** Exercise aim **
Print nothing but the lines below starting at the line that holds "Le rendez-vous était" and ending at the line that holds "Il Centro Funzionale", including both, each exactly as written.

(Beginning of The input)

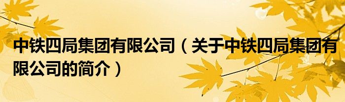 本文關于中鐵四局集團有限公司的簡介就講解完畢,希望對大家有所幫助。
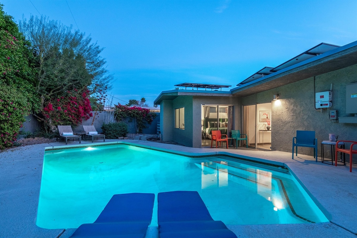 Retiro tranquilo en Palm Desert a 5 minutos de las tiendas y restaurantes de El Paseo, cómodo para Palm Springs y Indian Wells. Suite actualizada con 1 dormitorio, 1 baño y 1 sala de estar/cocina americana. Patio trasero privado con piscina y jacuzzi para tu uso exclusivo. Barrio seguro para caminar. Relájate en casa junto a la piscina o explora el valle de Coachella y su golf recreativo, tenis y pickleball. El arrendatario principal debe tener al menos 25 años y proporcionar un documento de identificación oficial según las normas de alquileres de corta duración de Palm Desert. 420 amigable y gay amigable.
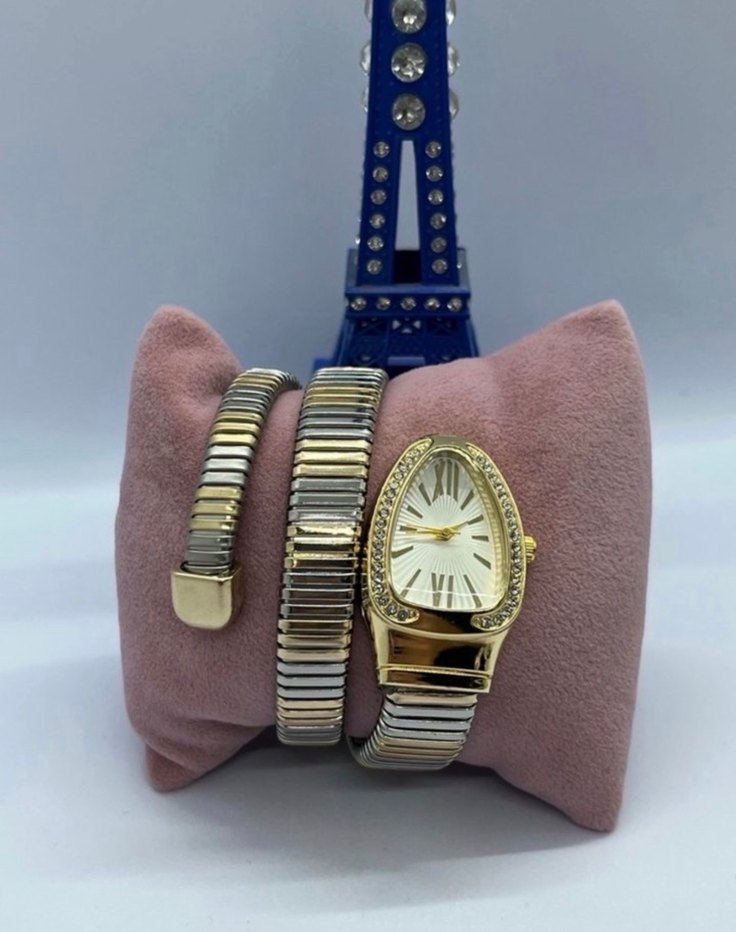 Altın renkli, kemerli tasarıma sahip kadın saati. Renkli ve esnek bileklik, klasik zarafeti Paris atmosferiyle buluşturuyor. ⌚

(End of The input)
(Beginning of The input)

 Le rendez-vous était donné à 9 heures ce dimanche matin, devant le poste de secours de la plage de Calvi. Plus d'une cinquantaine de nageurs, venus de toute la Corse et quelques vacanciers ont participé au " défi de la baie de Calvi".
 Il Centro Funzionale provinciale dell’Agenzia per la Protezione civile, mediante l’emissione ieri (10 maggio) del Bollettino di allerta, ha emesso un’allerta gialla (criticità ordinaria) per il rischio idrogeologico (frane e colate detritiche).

(End of The input)

** Completed task **
 Le rendez-vous était donné à 9 heures ce dimanche matin, devant le poste de secours de la plage de Calvi. Plus d'une cinquantaine de nageurs, venus de toute la Corse et quelques vacanciers ont participé au " défi de la baie de Calvi".
 Il Centro Funzionale provinciale dell’Agenzia per la Protezione civile, mediante l’emissione ieri (10 maggio) del Bollettino di allerta, ha emesso un’allerta gialla (criticità ordinaria) per il rischio idrogeologico (frane e colate detritiche).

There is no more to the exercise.